╭─ PROVIDED DATA

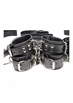 Measurements: Center strap adjusts up to 54 inches in length. Connector straps adjust up to 56 inches in length. Ankle cuffs adjusts from 8 to 12 inches in circumference. Wrist cuffs adjust from 6.5 to 10.5 inches in circumference.
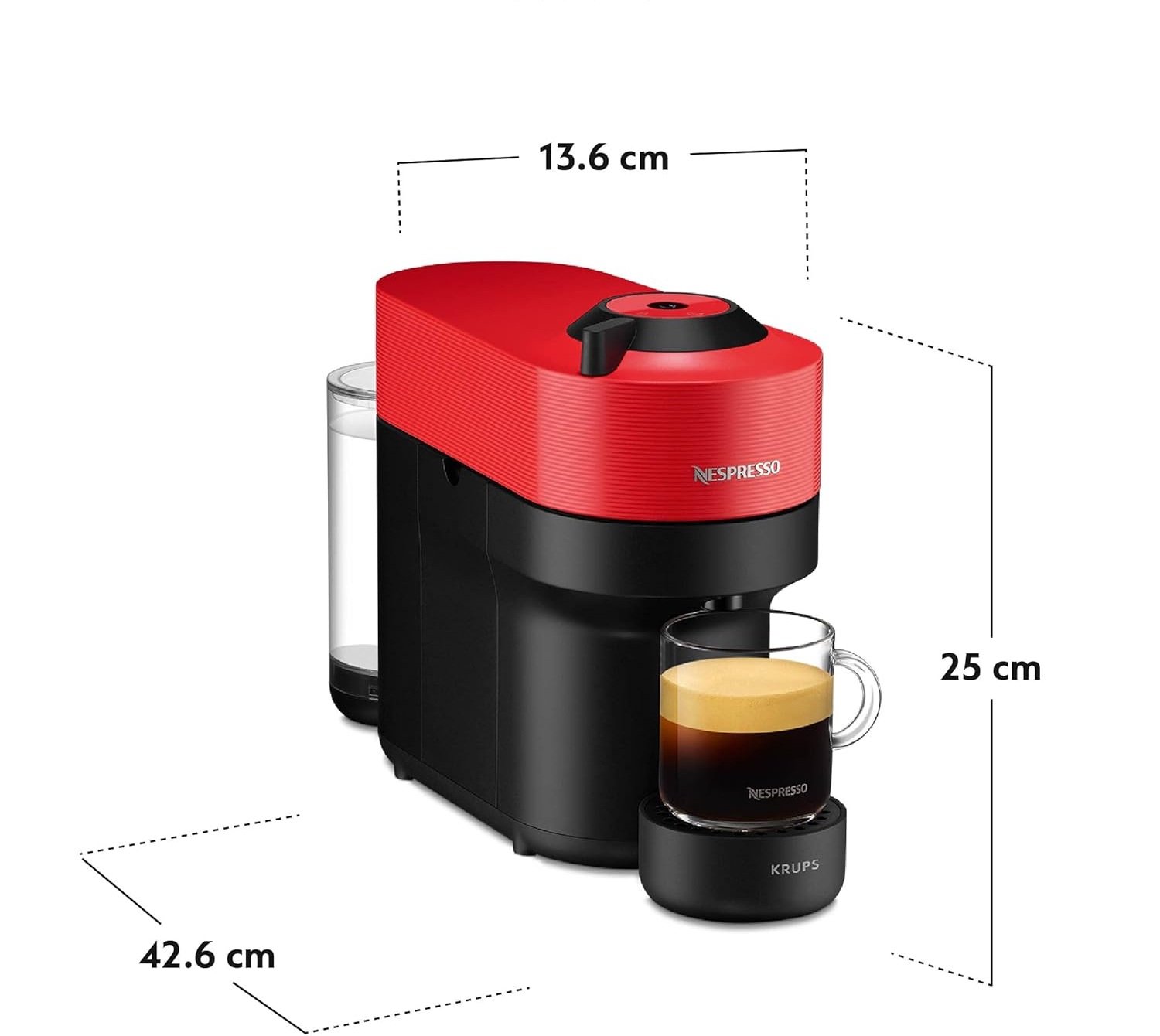Viên nén được tự động đẩy ra sau khi pha. Để phù hợp với các kích cỡ cốc khác nhau, giá đỡ cốc có thể điều chỉnh được ba vị trí hoặc có thể tháo rời hoàn toàn.
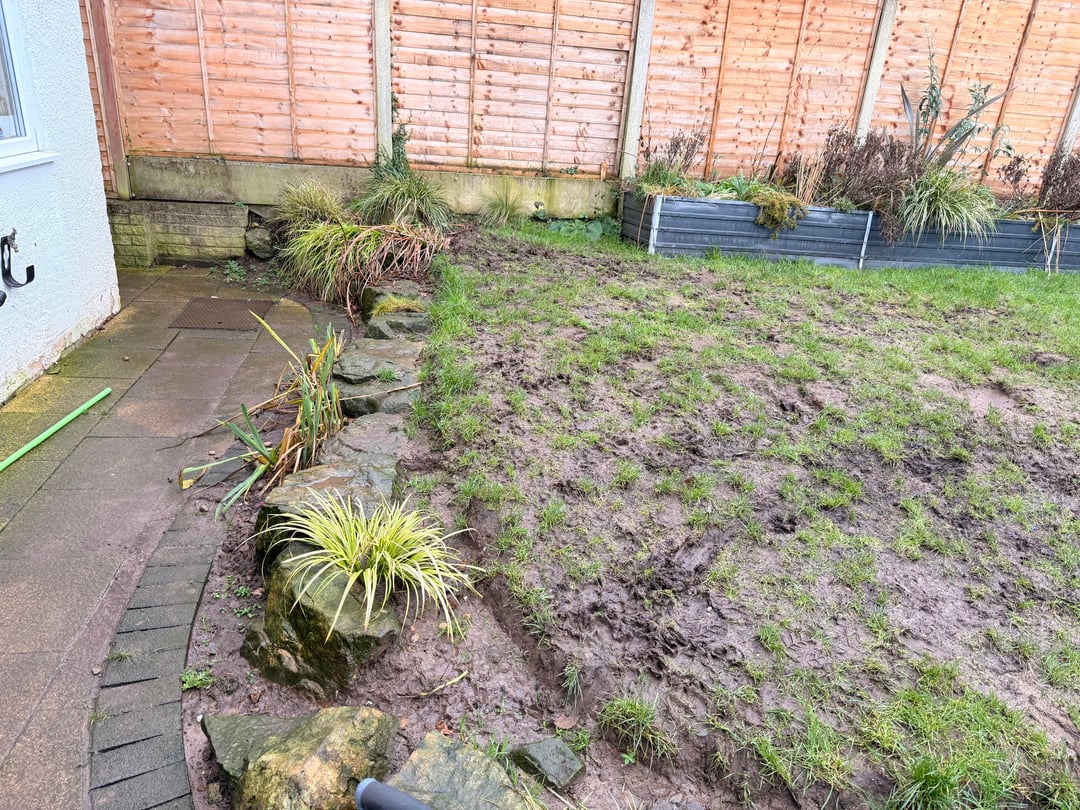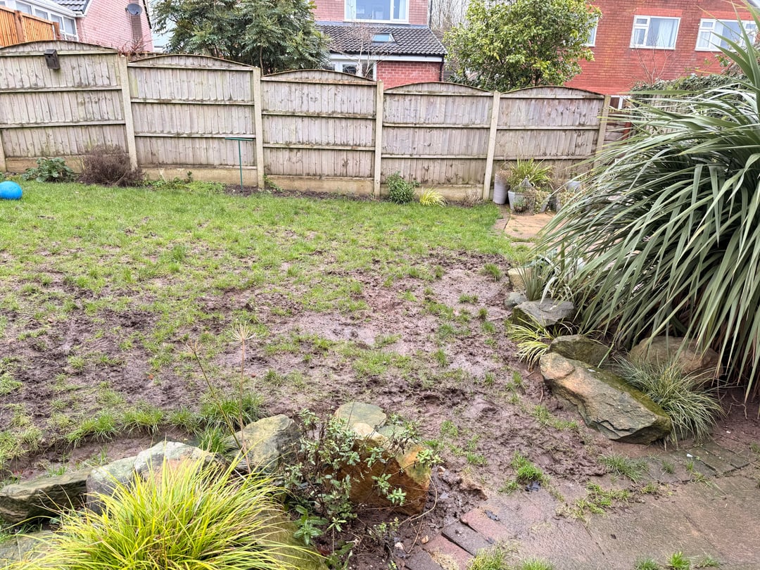 Wie Sie auf den Fotos sehen können, gibt es in meinem Garten ein großes Entwässerungsproblem, das jeden Winter das Gras zerstört. Wir haben das Gras jetzt im Frühjahr zweimal neu gesät und es wächst gut, obwohl es in der Nähe der Palmenpflanze sehr fleckig ist und das schon immer war. Wir haben auch zwei große Hunde, was nicht hilft.

╰─

▶ _PROBLEM DESCRIPTION_
Omit the pictures, then output the rest of the listing exactly.

▶ _EXERCISE SOLUTION_
 Measurements: Center strap adjusts up to 54 inches in length. Connector straps adjust up to 56 inches in length. Ankle cuffs adjusts from 8 to 12 inches in circumference. Wrist cuffs adjust from 6.5 to 10.5 inches in circumference.
Viên nén được tự động đẩy ra sau khi pha. Để phù hợp với các kích cỡ cốc khác nhau, giá đỡ cốc có thể điều chỉnh được ba vị trí hoặc có thể tháo rời hoàn toàn.
 Wie Sie auf den Fotos sehen können, gibt es in meinem Garten ein großes Entwässerungsproblem, das jeden Winter das Gras zerstört. Wir haben das Gras jetzt im Frühjahr zweimal neu gesät und es wächst gut, obwohl es in der Nähe der Palmenpflanze sehr fleckig ist und das schon immer war. Wir haben auch zwei große Hunde, was nicht hilft.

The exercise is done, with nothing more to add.